The 1961 European Figure Skating Championships is an annual figure skating competition sanctioned by the International Skating Union in which figure skaters compete for the title of European Champion in the disciplines of men's singles, ladies' singles, pair skating, and ice dancing.

The competitions took place from January 26 to 29, 1961 in West Berlin. West Berlin was de jure not part of West Germany, but the German Skating Association of East Germany organized the championships. The event took place without the participation of skaters from the Soviet Union not because of a political boycott, but rather because an exceptionally mild winter left the Russian skaters with insufficient ice for practice in their home country. The Soviet team was also withdrawn from the originally planned World Championships for the same reason, but that tournament was subsequently cancelled after Sabena Flight 548.

The defending champions in all four divisions retained their titles. In the pairs competition, however, the champions Marika Kilius & Hans-Jürgen Bäumler faced a close battle with Margret Göbl & Franz Ningel, who had defeated them at the West German championships earlier in the season. Göbl & Ningel may have been penalized for including an illegal lift in their program.
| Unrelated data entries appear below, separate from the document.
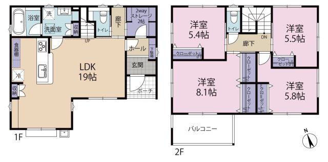 19帖の広々LDKには造作カウンターを設置。SICやストレージ、可動棚など収納力に優れた間取り設計です。 2階は4部屋あり、主寝室にはホスクリーンを標準装備。約4帖の広々バルコニーも魅力の収納充実4LDKです。
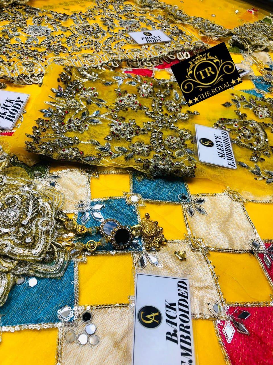 • Front net heavy embroidery adorned with stone handwork & mirror work
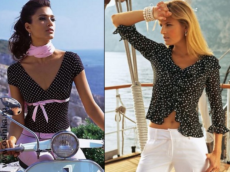 В журнале Burda4-2010 (есть на скачке) на стр. 14 блуза из шифона в крупный белый горох на чёрном фоне). К своему стыду не знаю, как скопировать страницу в формфте .pdf
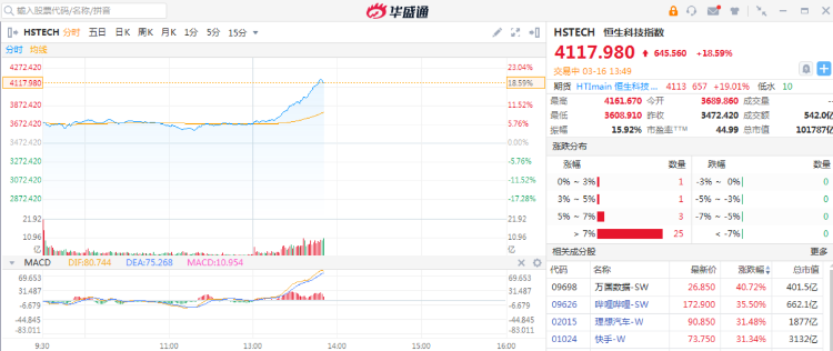 周三午后,港股持续拉升涨势不止,恒生科技指数日内涨幅达18%,为该指数推出以来盘中最大单日涨幅。恒生指数涨近8%。美团、京东集团、快手均涨超28%
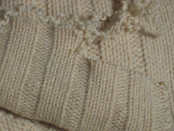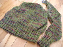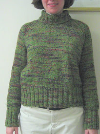 Sew it up. Pick up 64 st. around neck for turtleneck. Work neck in 2x2 rib as long as you want (I had enough yarn for 8") and bind off in pattern.
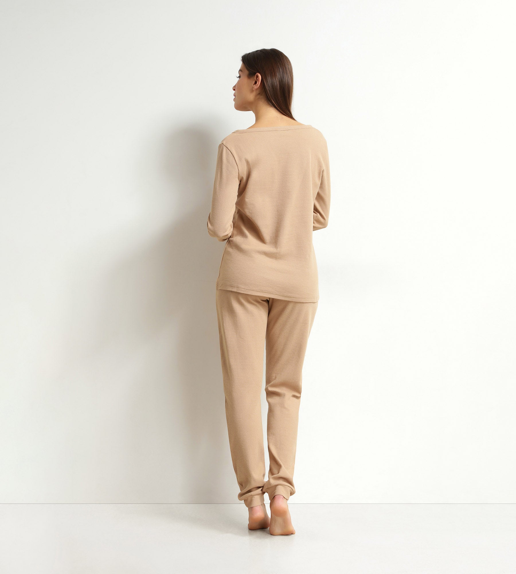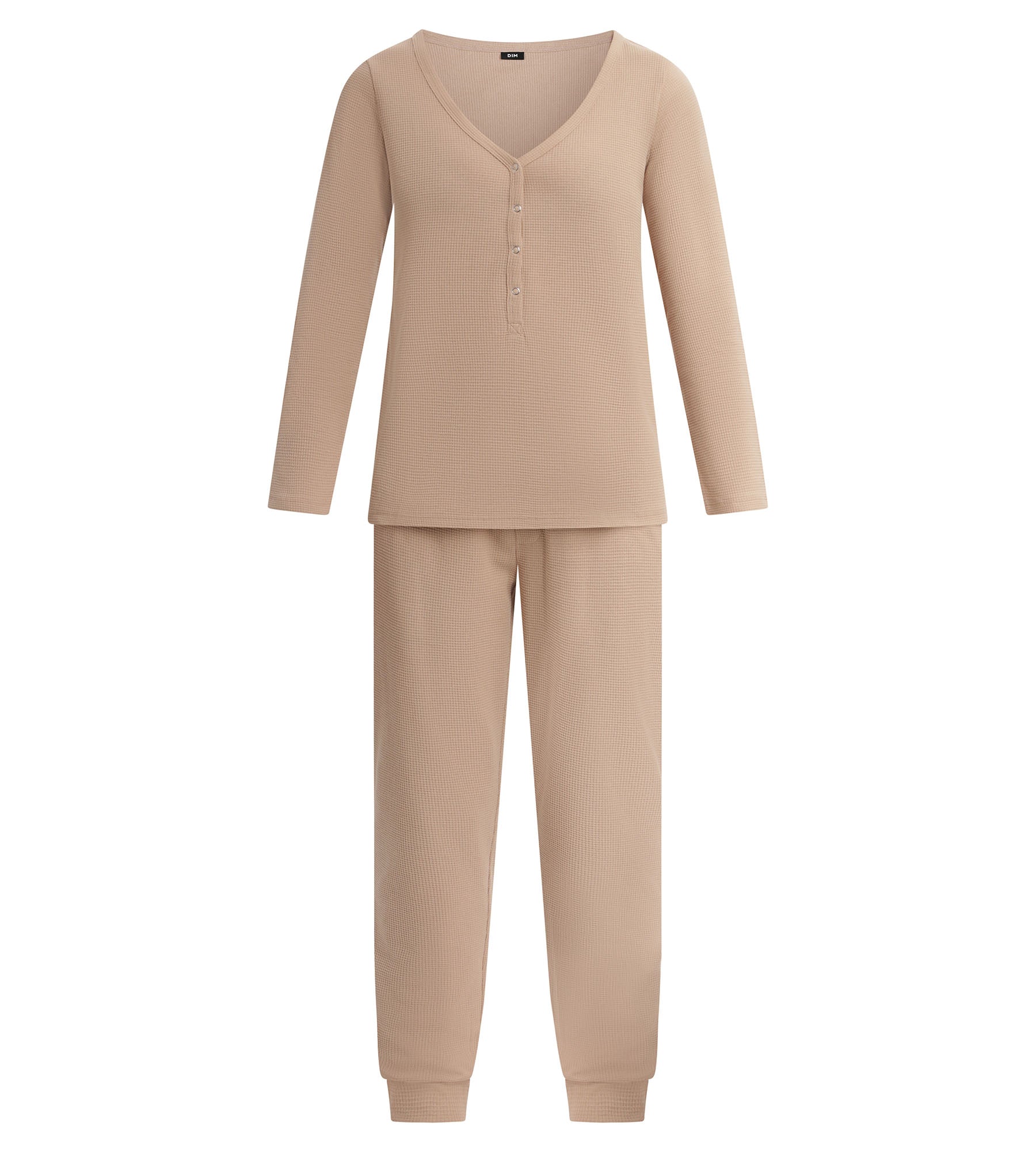 Con su mezcla de jersey texturizado marrón topo, el conjunto de pijama para mujer Dim Cosy Time convierte tus momentos de relax en instantes de bienestar.
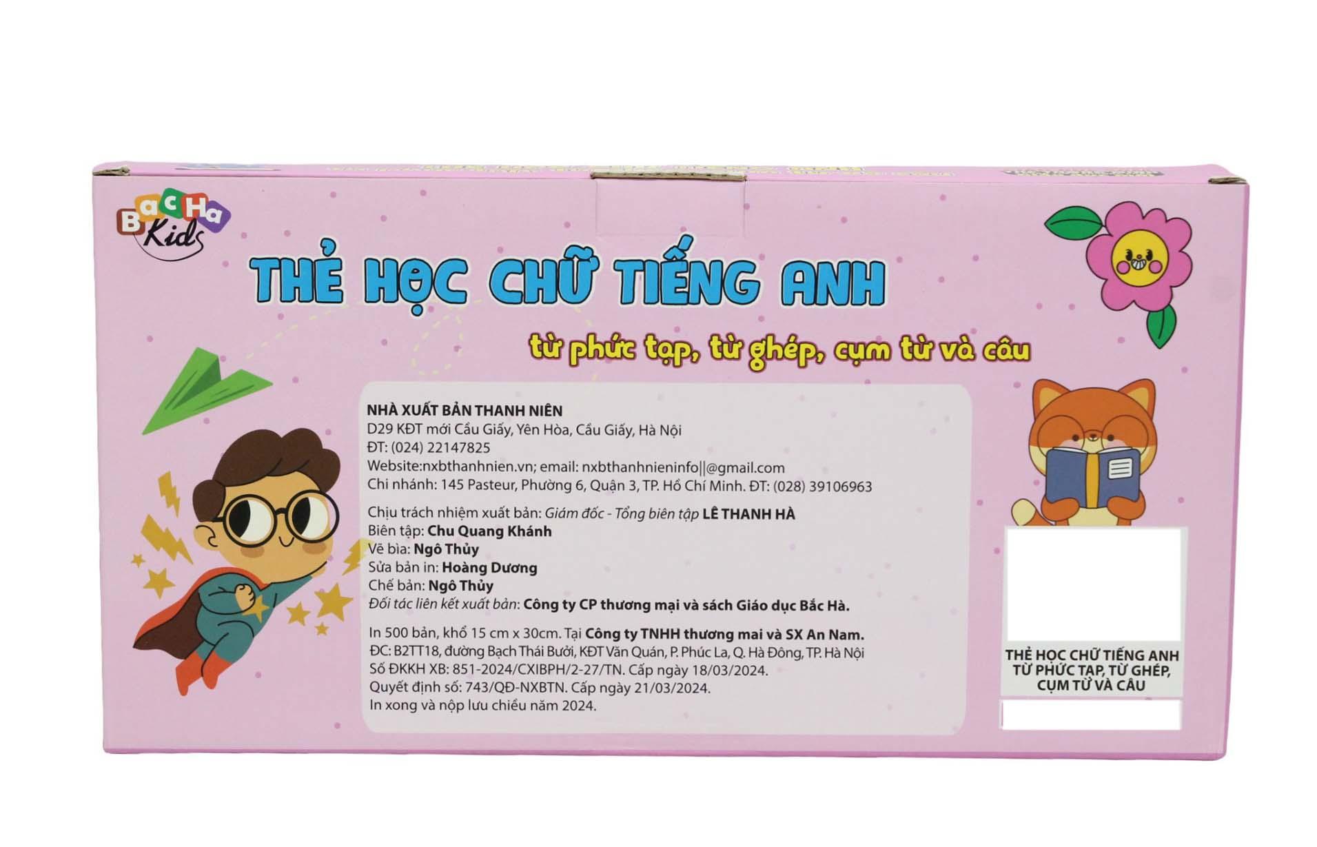 Mua tại TiktokFlash Card Tiếng Anh - Từ Phức Tạp, Từ Ghép, Cụm Từ Và Câu Flashcard Dạy Trẻ Theo Phương Pháp Glenn Doman giúp bé tiếp cận tiếng Anh từ nhỏ, nhận biết và ghi nhớ những từ ngữ từ đơn giản đến phức tạp theo phương pháp Glenn Doman. Bộ thẻ là tập hợp những từ phức tạp, từ ghép, cụm từ và câu trong tiếng Anh với các chủ đề: Số đếm, thời gian, đồ vật, thành phần ngôi nhà... Flashcard được in trên chất liệu giấy ivory dày dặn, có độ cứng phù hợp cho tráo thẻ. Bộ gồm 102 thẻ chữ in 2 mặt (mặt trước màu xanh, mặt sau màu đen) và hướng dẫn sử dụng. Toàn bộ được đựng trong hộp sang trọng và tiện cho việc cất trữ.

In the ladies' event, Sjoukje Dijkstra built up a lead in the compulsory figures that assured her of victory. Her free skating program was described as "exhausting". The stars of the free skating were Helli Sengstschmidt and Jana Mrázková, who both reportedly did triple salchow jumps in their programs.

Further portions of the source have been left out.